Tips:Misalnya, tema pesta adalah balon udara. Mungkin tidak dengan menempeli seluruh permukaan kue dengan balon, tapi bisa bermain dengan motif atau melukis permukaan kue dengan padang rumput tempat dilepaskannya balonudara. Hasilnya pasti akan mengundang decak kagum.
2. Desain motif wedding cake yang kreatif
Selain bisa menambah dengan pita dan bunga juga, desain wedding cake juga bisa dimainkan dari motifnya sendiri, misalnya garis-garis klasik dan polkadot.
Tips:Jangan ragu memadupadankan warna, motif dan aksen dengan gaya “tabrakan”. Misalnya motif wedding cake yang bergaris-garis hitam putih klasik, tambahkan dengan mawar merah segar atau dengan buah anggur merah.

3. Tak perlu ragu menggunakan aksen warna hitam atau gelap
Siapa yang tidak ingin memiliki sebuah wedding cake dengan model yang elegan dan indah? Namun membuat sebuah wedding cake dengan pilihan warna cokelat tua, hitam dan putih, tidak akan mengurangi kemewahan penampilan wedding cake Anda.

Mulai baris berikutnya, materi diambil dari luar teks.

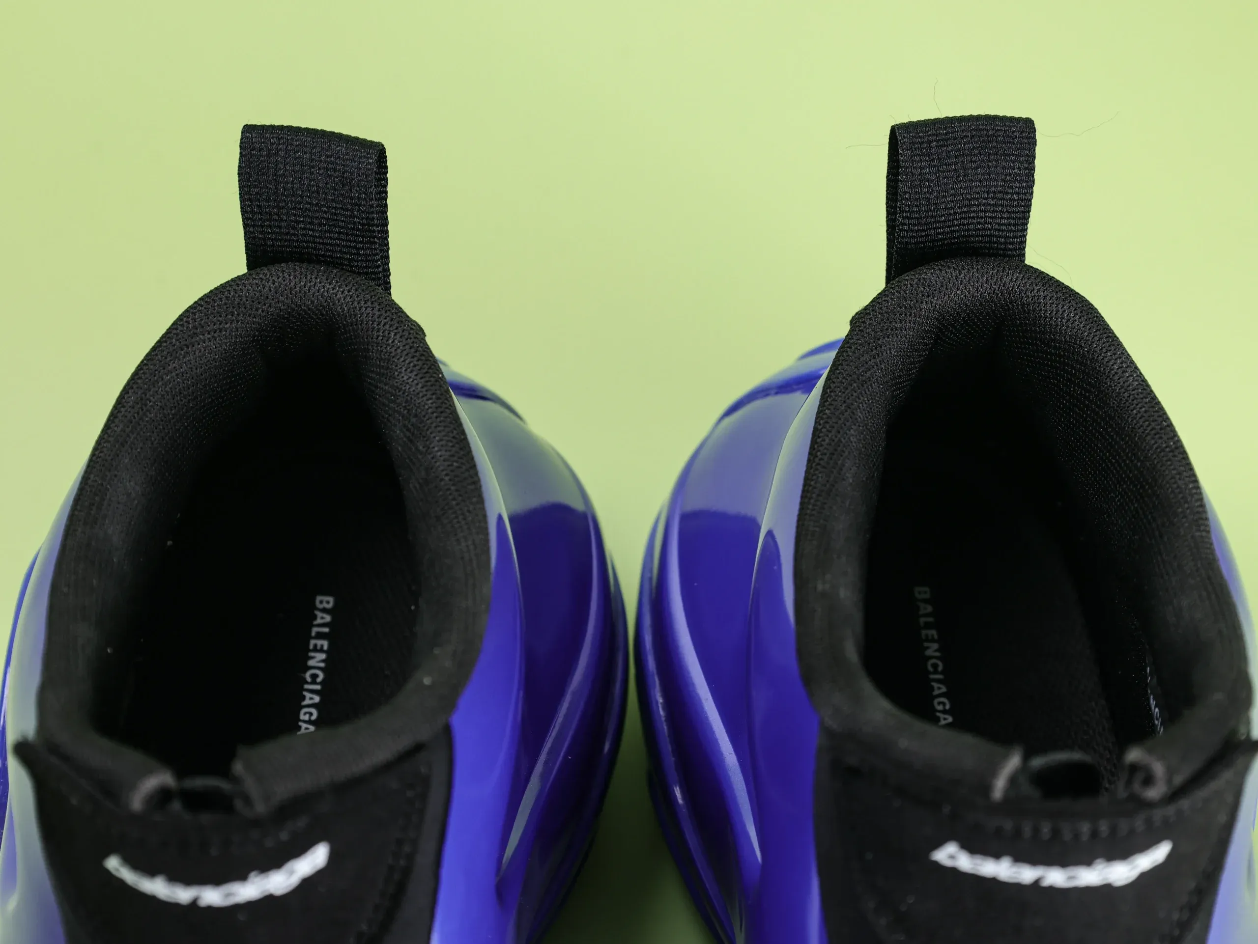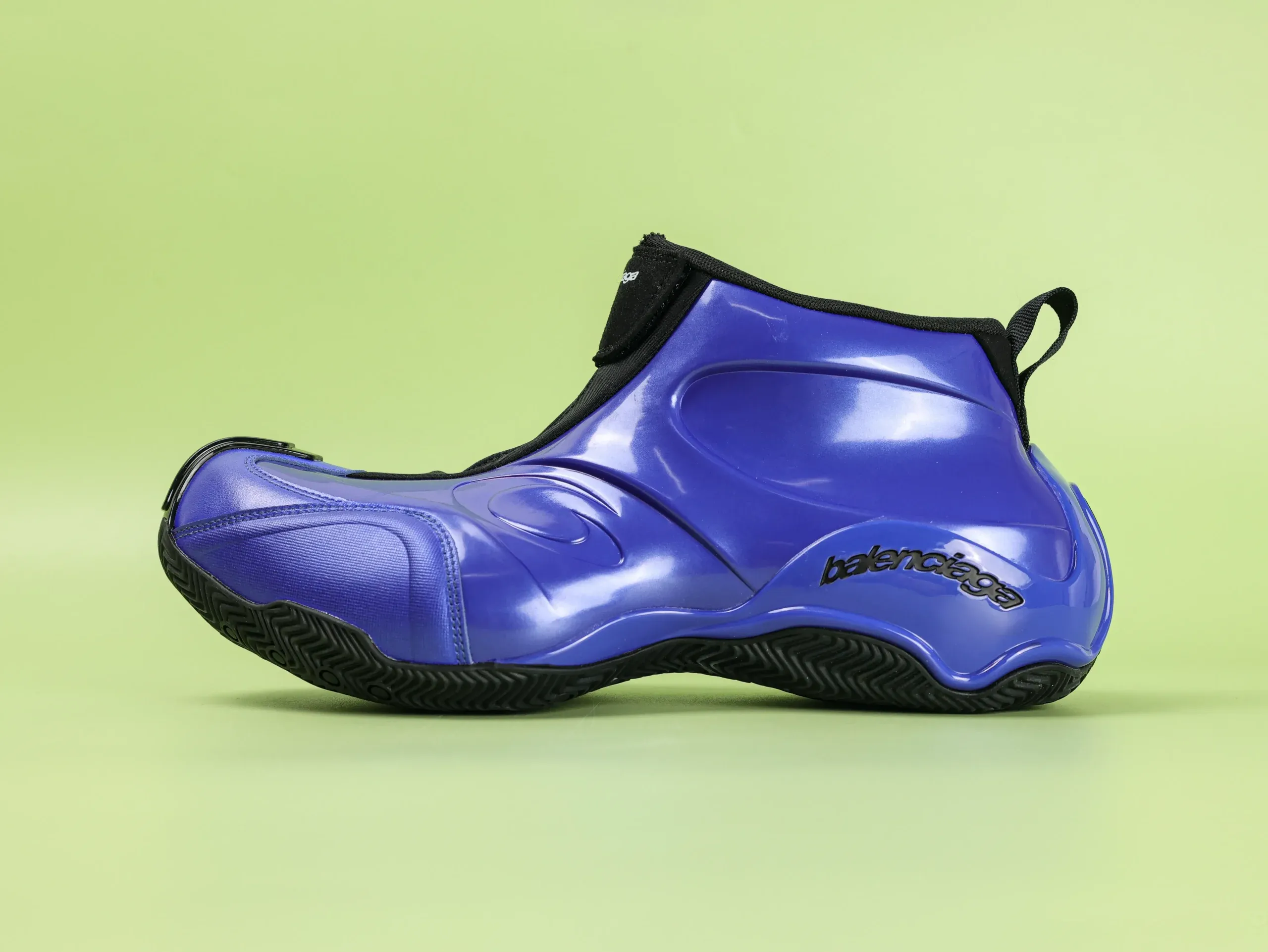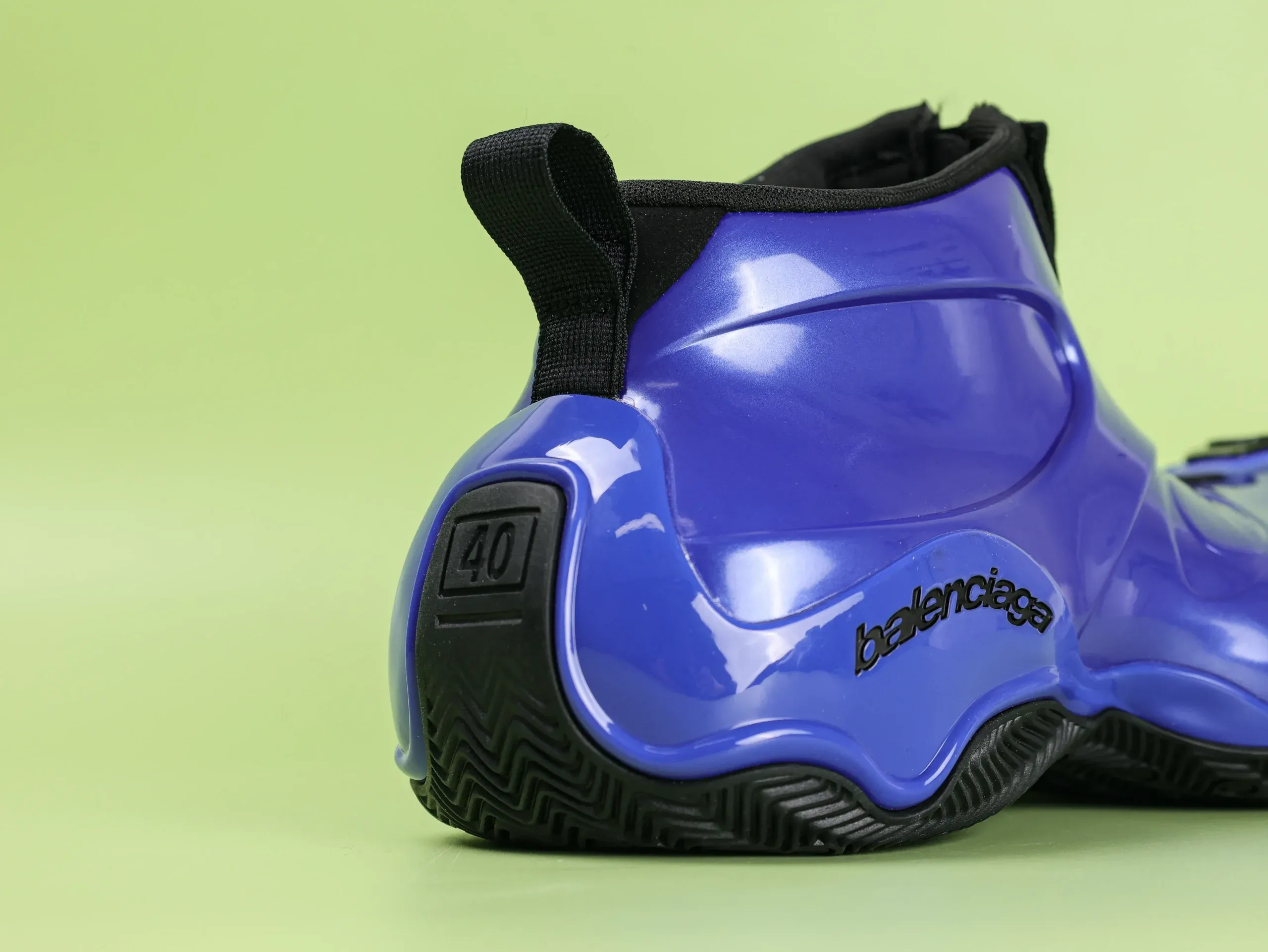 The Balenciaga men’s basketball shoe in metallic blue breaks with convention and captivates with its unique metallic blue design, creating an unparalleled visual impact. The interplay of metallic sheen and deep color gives this basketball shoe a technological and futuristic touch, making it a real eye-catcher on the court and on the street.
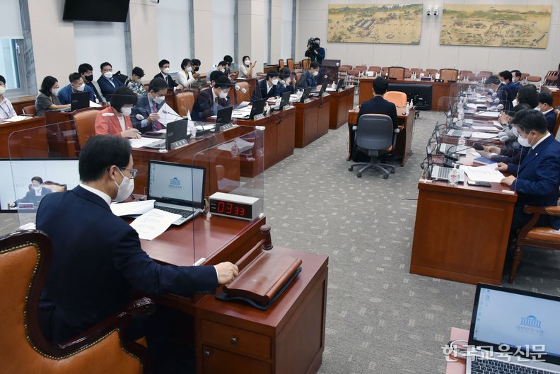 조해진(국민의힘) 신임 국회 교육위원회 위원장이 14일 서울 여의도 국회에서 열린 교육위원회 전체회의에서 의사봉을 두드리고 있다.
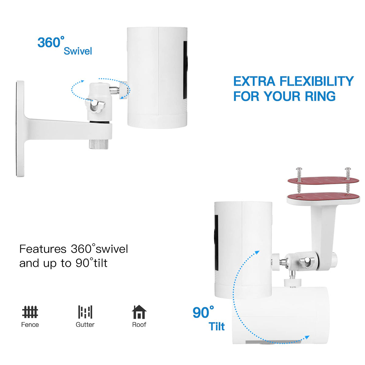 ? Extra Flexibility For Your Camera ? 360-Degree Swivel ? 90-Degree Tilt ? Stable & Durable ? Strongest Grade Adhesive Tape ? Easy To Install And Remove ? Indoor/Outdoor Use ? Compatible With Ring Stick Up Cam, Ring Stick Up Cam Pro And Ring Indoor Cam(1St Gen), Eufy Cam, Roelink Argus, Arlo Camera And Other Cameras With 1/4 Screw Head
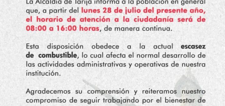 Uncategorized julio 29, 2025 CAUSA SORPRESA LA ALCALDÍA DE TARIJA AL ANUNCIAR HORARIO CONTINUO EN TODAS SUS DEPENDENCIAS POR FALTA DE COMBUSTIBLE La Alcaldía de Tarija sorprendió a la ciudadanía al anunciar que, desde el pasado 28 de julio, todas sus oficinas... 0 0CompartirTwittear0 Compartir
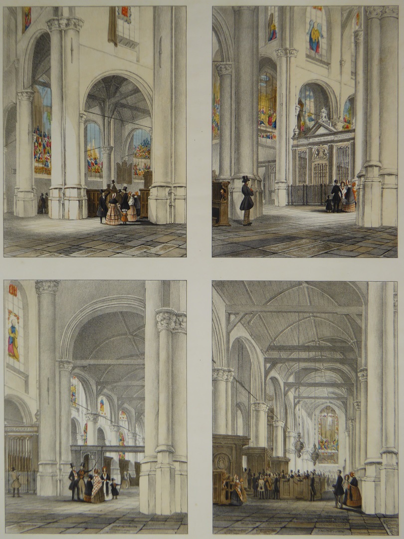 Gouda, het interieur van de Grote St. Janskerk, vier afbeeldingen

Tips:Tambahkan aksen renda dan buah, maka akan menonjolkan keunikan dari wedding cake.
4. Desain wedding cake sebaiknya tidak mengalahkan wedding gown
Biar bagaimanapun wedding gown adalah pusat perhatian dari sebuah pesta pernikahan. Hindari anggapan bahwa dengan gaun yang mewah, maka sebuah wedding cake tidak pantas dibuat dengan sedikit lebih minimalis.
Tips:Sama seperti pasangan yang menempati pelaminan, wedding cake juga akan menempati “singasana”nya sendiri. Maka untuk menghindari “sakit mata’ karena keduanya saling bersaing, buatlah desain wedding cake yang berdiri sendiri dengan keunikannya. Hal itu tentunya akan mengundang perhatian para tamu undangan tanpa menimbulkan distraction.